Laista (Λάϊστα, Lacã) is a settlement in Ioannina regional unit, Epirus, Greece. The village located in the northern part of the Zagori region.

== Name ==
In the 19th century, the scholar Ioannis Lambridis said four families from a village called Lasste transferred the name of their former place of residence to Laista. Lambridis wrote that Laista was the oldest name of the village, which was also known as Lakka. The scholar Panagiotis Aravantinos described the toponym as Albanian. It is derived from the Albanian word lashtë meaning 'ancient, old' and the development of the sound i in the placename. The linguist Kostas Oikonomou stated the toponym recorded by Lambridis with a double s indicates an Aromanian pronunciation of š, itself from the Albanian sh.

== Demographics ==
Laista has an Aromanian population and is an Aromanian speaking village.
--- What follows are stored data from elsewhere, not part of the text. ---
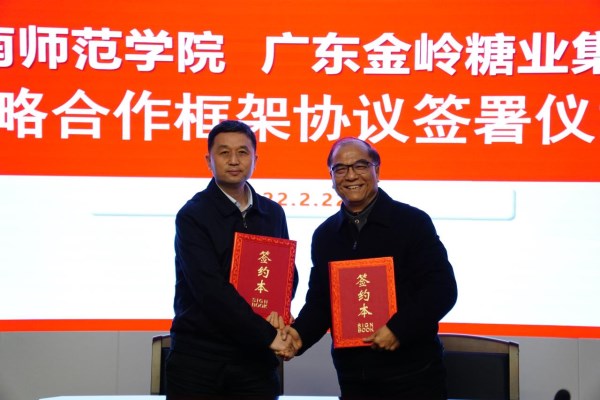 2月22日下午,为推动党史学习教育走深走实,深入调研产学研合作及生物医药(食品工程)硕士专业培育建设工作,积极拓宽办学路径,推进办学事业更好地融入和服务地方经济社会发展,王胜副校长带领食品科学与工程学院领导班子及相关教师赴广东金岭糖业集团有限公司考察,并签署校企战略合作框架协议。食品科学与工程学院书记邱飞、副院长王标诗(负责行政全面工作)、副院长胡小军,广东金岭糖业集团董事长林水栖、副总裁欧如、副总裁林森参加签约活动。
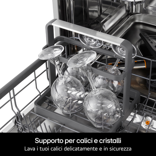 Il supporto dedicato, che puoi posizionare nel cestello inferiore della lavastoviglie, mantiene i calici fermi durante il ciclo e ti consente di lavare in modo sicuro anche i pezzi più delicati e fragili, evitando urti e vibrazioni che potrebbero incrinarli e danneggiarli.
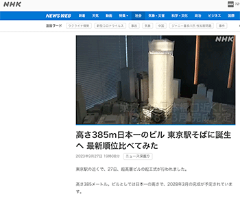 「高さ385m日本一のビル 東京駅そばに誕生へ 最新順位比べてみた」という●●の取り組み「トーチタワー」について取り上げている記事が、NHKに掲載されています
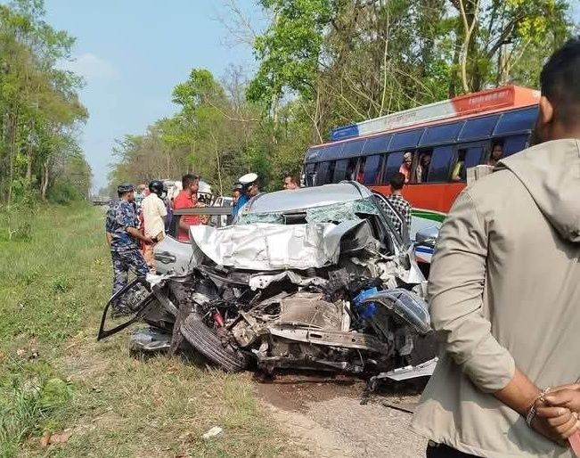 पथलैया–निजगढ सडकखण्डमा कार र ट्रिपर ठोक्किँदा दुई जनाको मृत्यु

Laista forms an Aromanian dialect cluster with the villages of Vrysochori (Lesnitsa) and Iliochori (Dobrinovo) whose spoken Aromanian differs from other Aromanian speaking villages of the wider area due to some distinct linguistic features. In the early 21st century, elderly people were bilingual in the community language and Greek, whereas younger residents under 40 might have understood the community language but did not use it. Some Sarakatsani settled in the village during the early 20th century. The Sarakatsani are Greek speakers.